--- PROVIDED RECORDS Enclosed Below ---

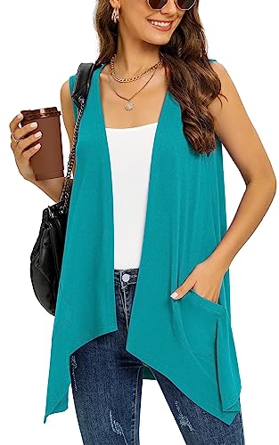Teal Vest Cardigan for Women Fashion Casual Open Front Lightweight Summer Cardigans Sleeveless Draped Kimono with Pockets Asymmetric Hem,S
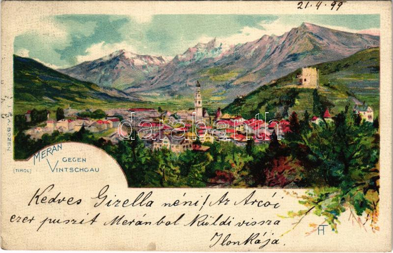 Beschreibung: 1899 (Vorläufer) Merano, Meran (Südtirol); Gegen Vintschgau / general view. litho (EK)
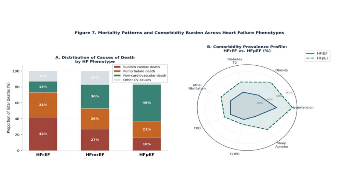 Figure 7: Mortality patterns and comorbidity burden across heart failure phenotypes
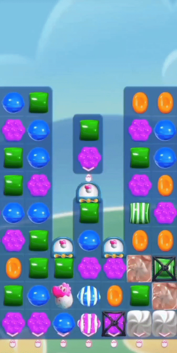 The GIF above demonstrates the bug in action affecting the Gummi Dragon Candy Cannon at E-5 (the center of the board, columns are lettered and rows are numbered). The player just made a move to free the level's penultimate dragon, and the Cannons will only dispense another dragon when there are none on the board. The middle Cannon then dispenses the final dragon, but if you watch the GIF closely, the Cannon drops them onto the spaces above the Cannon (E-1/E-2) instead of the tile directly below the Cannon muzzle (E-5) as designed.
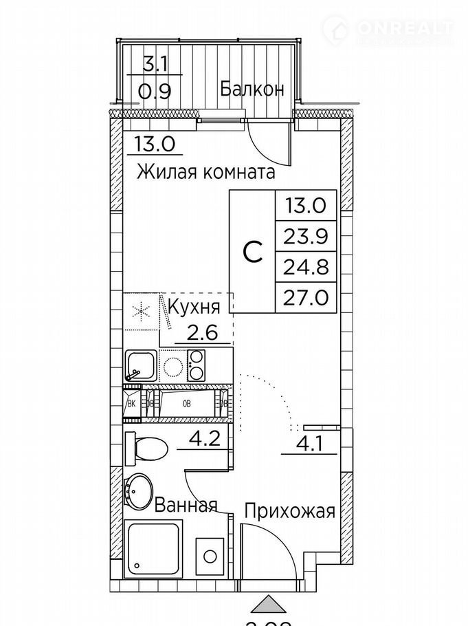 Общая площадь 27 м2

--- End of Enclosed PROVIDED RECORDS ---

▶ **EXERCISE BRIEF**:
Starting at the first line of the listing above, write out each line exactly and nothing else until you reach the line containing "Beschreibung: 1899 (Vorläufer)", which is included as well; omit all pictures.

▶ **REPLY TO THE EXERCISE**:
Teal Vest Cardigan for Women Fashion Casual Open Front Lightweight Summer Cardigans Sleeveless Draped Kimono with Pockets Asymmetric Hem,S
 Beschreibung: 1899 (Vorläufer) Merano, Meran (Südtirol); Gegen Vintschgau / general view. litho (EK)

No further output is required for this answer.